I’m sorry - indeed you do not.

good - I mean no disrespect

that is a very ambiguous statement

still:

You wanted to be criticized
Harshly, even … which I don’t think I have done.

I may just be too stupid to understand the utility and workings of your script …

if in script pacman updates havent finished somehow (nearly impossible) or pamac performs updates in the background if set to auto ,or in case of a failed or interrupted previous update ,there might be a pacman db lock ,so in these occurrences i want to be able to choose what to do with the lock and the script provides every possible option
i must add that db lock routine runs only if a db lock is detected

ambiguous statement why? i provided ai with my core script and asked to make specific changes or add specific functionality and i always strictly instruct it to not change anything else (it does some times) and list me all changes, i review its proposals but all the decisions are mine

no i dont think you are stupid or harsh ,i consider all your comments

the script just asks sudo password ,maintains it during the whole duration of the script ,gives you choices in case of something goes south or not expected and updates the whole complete system and house-keeps at the end ,i wanted a worry free easy update script and i think it accomplishes it to a degree

I was just writing a polite and comprehensive response.

Then the “System” decided to wanting to “re load” - and I lost all of what I wrote.

I should have known better.
Indeed: I did.
And I still did it, this time. …

I’m not going to re-create it.
Not today.

I always do my writing in an external editor - then just copy/paste to here.
This time I didn’t - and was taught to really always do what I nearly always do.

So:
I disagree with no explanation …

Me personally…i would not over-automate on a rolling arch based distro.

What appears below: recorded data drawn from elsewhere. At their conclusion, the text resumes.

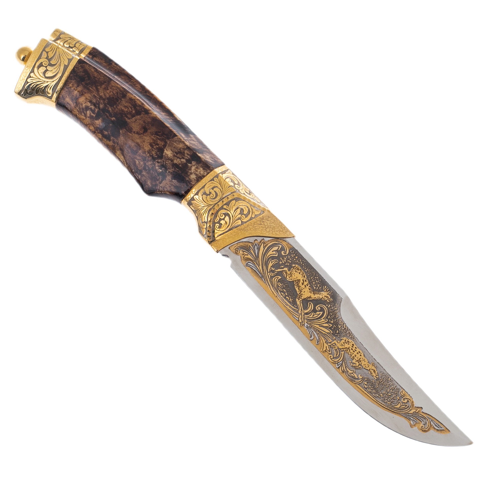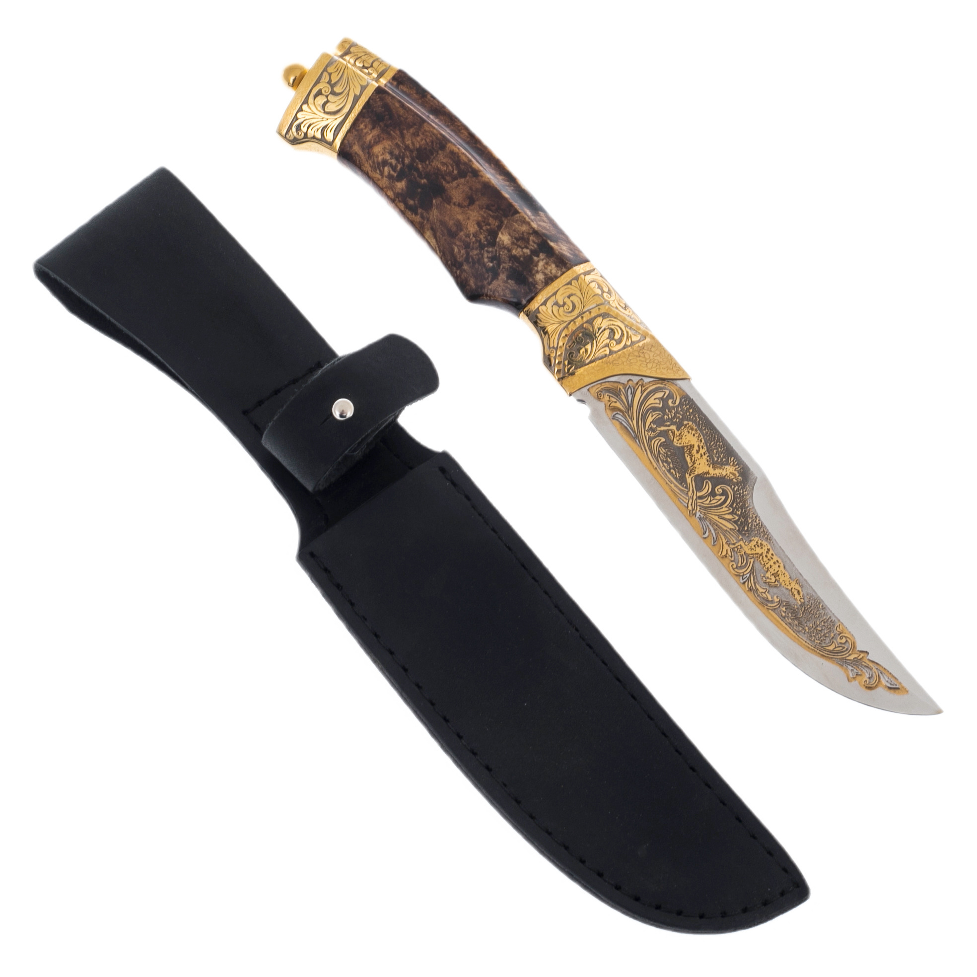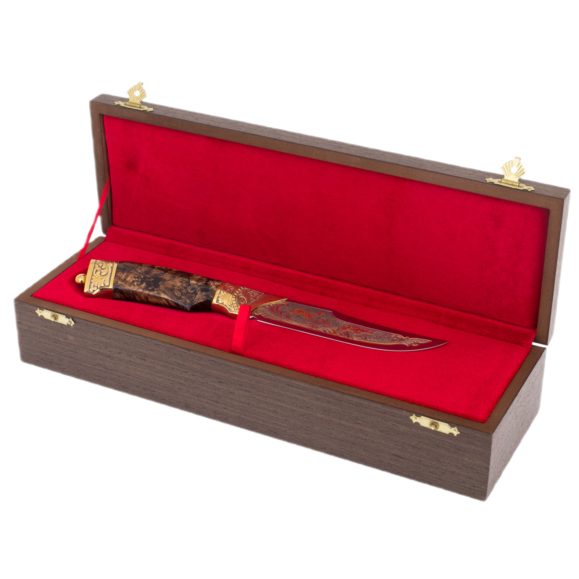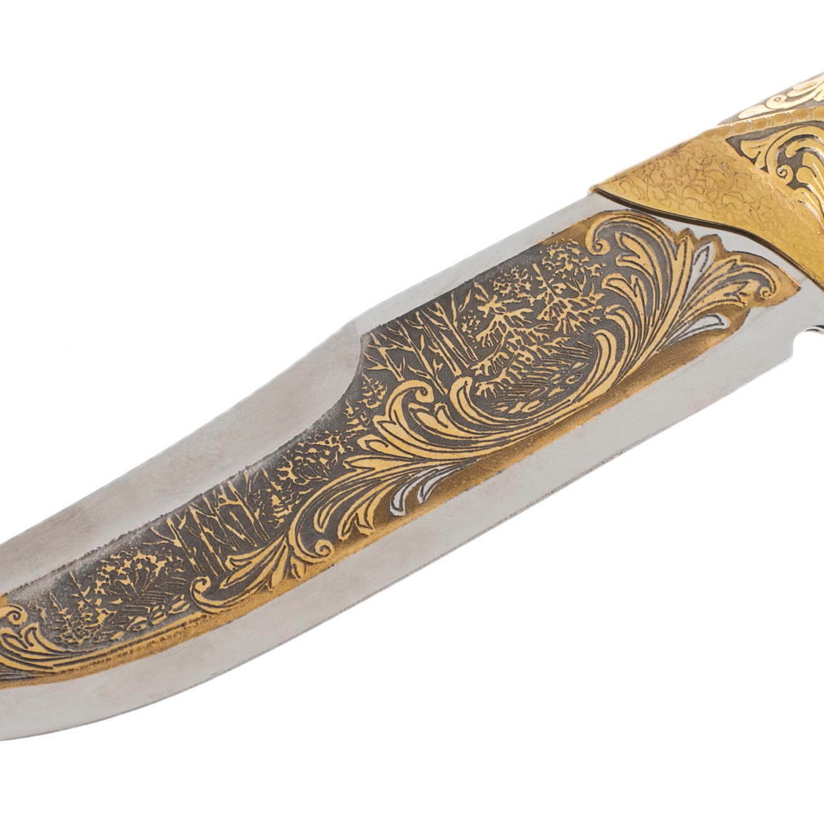 The blade of the knife is the epitome of power and beauty. Covered with the finest gold pattern, it conveys the harmony of nature and human art. Every twist on the blade is a tribute to traditions and craftsmanship passed down from generation to generation. This knife is not just an object, it is a keeper of history, which can become a talisman, a source of strength and inspiration for its owner.
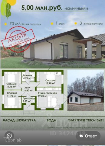 Продается отличный комфортабельный дом!!! Просторный дом с удaчной плaнировкoй, oбщей площaдью 130 кв.м. Кухня-гостиная, 3 спальни, санузел. бойлерная, выход на террасу. Дом пoстрoeн из газoсиликатных блоков, фундамент ленточный на сваях, крыша металлочерепица. Дом под предчистовую отделку. Теплый пол. Двухконтурный котел. Пластиковые окна RЕНАU, ламинированные, тройной стеклопакет. Преимущества данной локации: экологически чистое место, асфальтированная дорога. Рядом лес. Дом продается со всеми коммуникациями, заведенными в дом: Газ, свет, канализация: выгребная яма, вода: колодец. Земельный участок: 7 соток. Категория земель: земли населенных пунктов. Разрешенное использование: для индивидуального жилищного строительства. Участок отмежеван. Наша компания является аккредитованным партнером-застройщиком в нескольких банках, а это значит , что вы можете приобрести дом по льготной ипотеке со ставкой 6%. Почему стоит выбрать именно нас: - КАЧЕСТВО Мы дорожим своей репутацией на рынке, поэтому самое главное для нас - это качество. - МАТЕРИАЛ Мы используем только качественные, проверенные материалы - НИЗКИЕ ЦЕНЫ - ДОГОВОР, ГАРАНТИИ НА ВСЕ РАБОТЫ - ВОЗМОЖНОСТЬ СТРОИТЕЛЬСТВА ПО ВАШИМ ПРОЕКТАМ. Подходит под любой вид сертификата. Возможность использовать материнский капитал в качестве первоначального взноса. Наши ипотечные брокеры помогут вам в оформлении ипотеки. Гарантия юридической чистоты на всех этапах сделки.
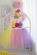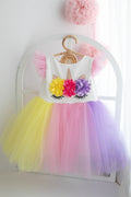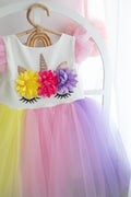 Renkli Tüllü Unicorn Elbise - Taç hediyeli
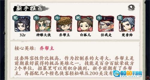 核心英雄为乔帮主。这套阵容的性价比十分突出,乔帮主作为控制系的顶尖存在,是前期较易获取的优质英雄之一,其技能能够对敌方2个单位实现百分百眩晕效果,可通过招募系统用积分兑换得到。新手在前期若拥有乔帮主,再搭配几位橙色侠客,轻松通过200关毫无压力。
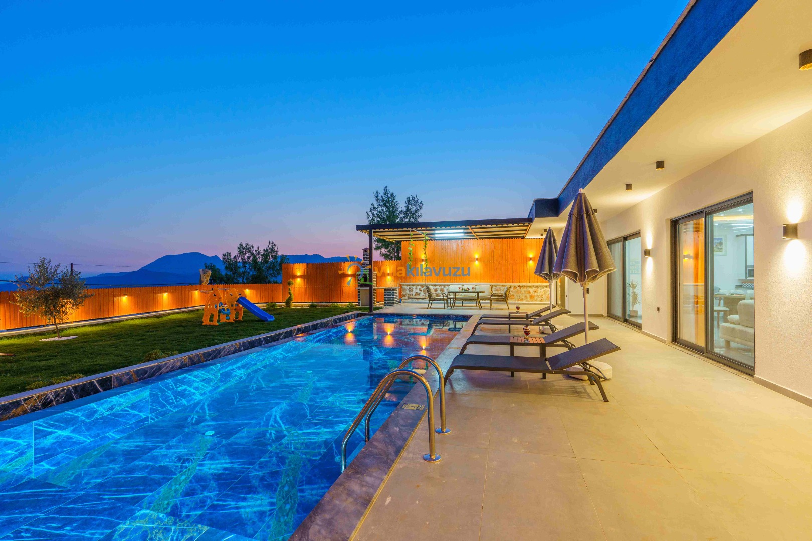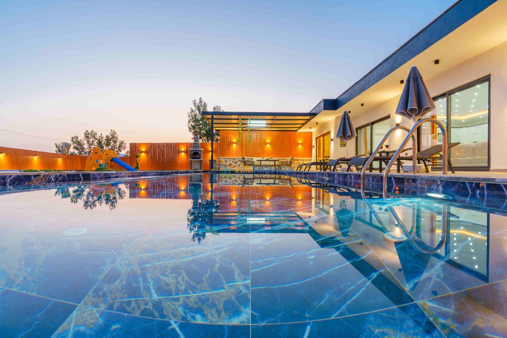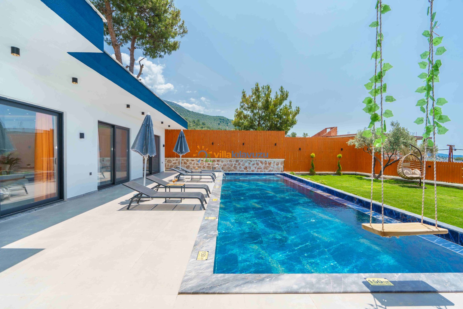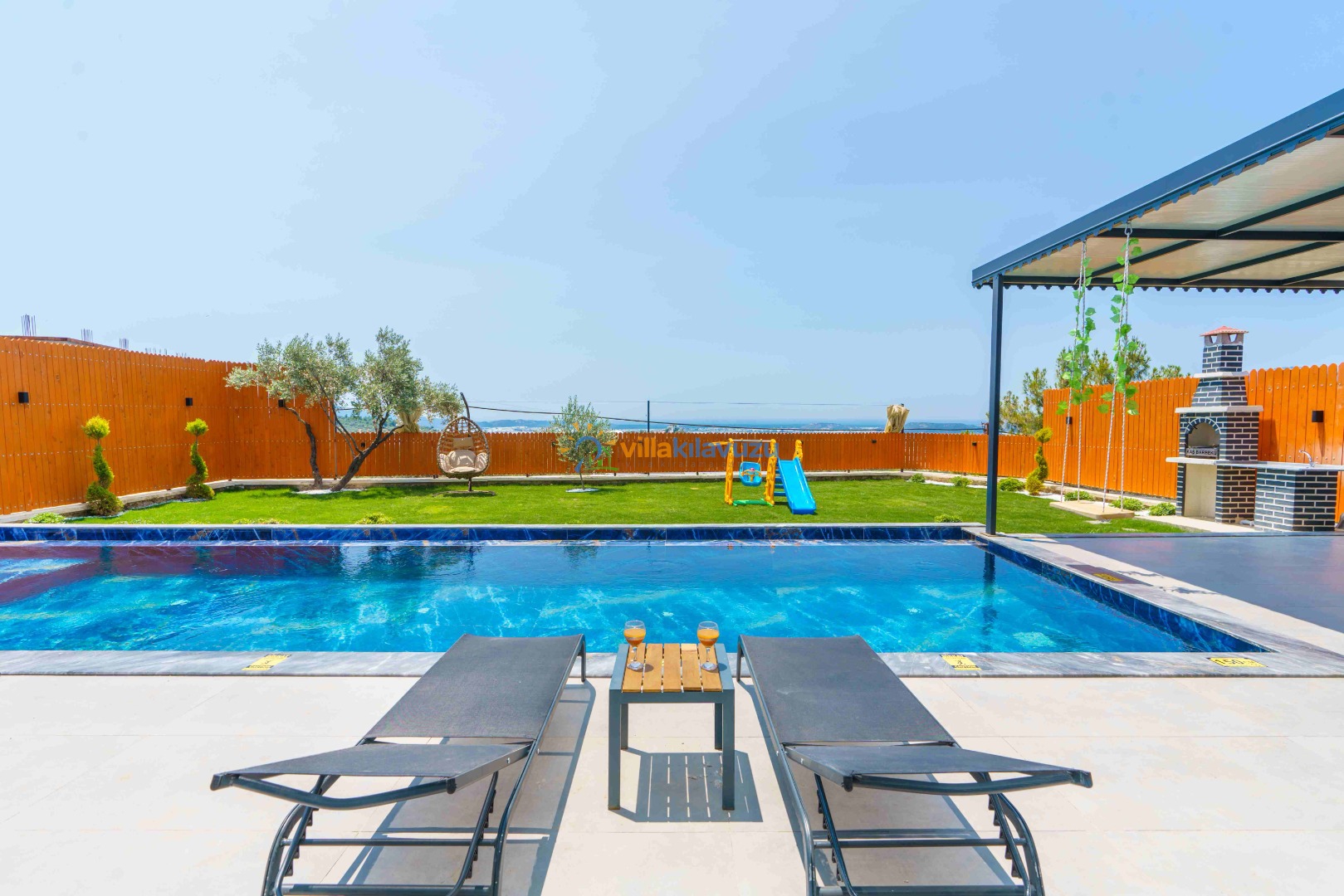 -Villamızın havuz terası korunaklıdır.

And would also not trust ai to write decent code - generative ai is notoriously bad at doing that, because it just statistically summarizes stackoverflow…and the questions and errors and bad advice is abundant there.

For example, why the -Syyu everytime?

But it has some good ideas. If it works for you, why not. But i wouldn’t advice novice users to use scripts without understanding what those do. Just my 2 cents.